The Applications of Data Science in Business and the Skills Required to Leverage It

  • Kiran Lakkimsetti

Why Data Science Matters

Data Science is the field of study that combines domain expertise, programming skills, and knowledge of mathematics and statistics to extract meaningful insights from data. An increasing number of enterprises today are realizing the importance of data science, AI, and machine learning. Regardless of their size or industry, organizations that wish to remain competitive in the age of big data need to efficiently develop and implement data science capabilities.

Starting a tech company, building a good product, and gaining traction have become easier thanks to improved connectivity, declining costs of cloud storage and computing, and easy access to distribution platforms for reaching target audience. As a result, the time taken for a product to reach 100 million monthly active users has reduced drastically.

Higher production of digital devices, internet connectivity and increased time spent online – all have contributed to generating huge amounts of data and consequently sparked interest in mining this data to derive key insights for business intelligence. A company’s ability to compete is now measured by how successfully it applies analytics to vast, unstructured data sets across disparate sources to drive product innovation.

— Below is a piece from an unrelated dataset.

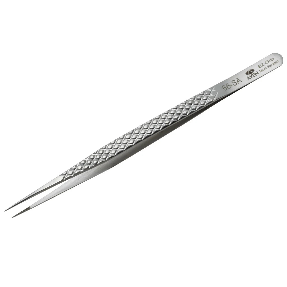 Aven Tools 18077EGS EZ Grip Micro-Serrated Tweezers Stainless Steel, #66 Pattern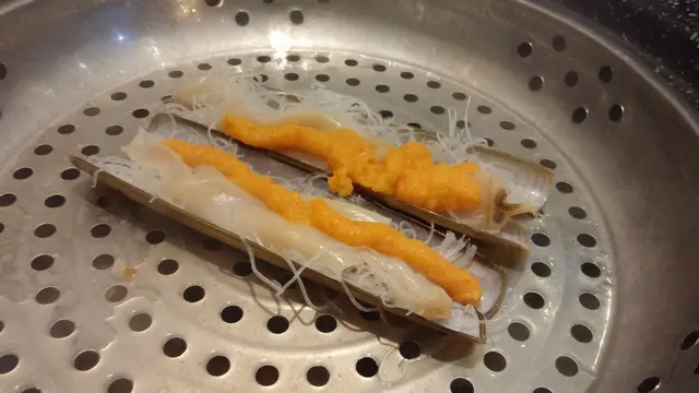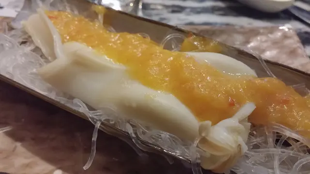 而巨型的蟶子皇,肉厚鮮嫩,清甜爽口,配合帶點椒味的黃金汁,惹味非常~!

Why Data Scientists Are Needed

Every time a person posts a status update on Facebook, tags a friend on Twitter, searches for something on Google or shares snapshots on Instagram, they add to the vast amount of data. With more and more data being captured across the globe than ever before, the demand for expertise to extract valuable and actionable insights from that data is going to only grow by leaps and bounds. But companies are not content with merely collecting the data. They want to wisely sort and study the growing collections of data and learn the context surrounding it to enjoy a greater understanding of their customers. This is where Data Scientists step in to help them get clarity and direction today.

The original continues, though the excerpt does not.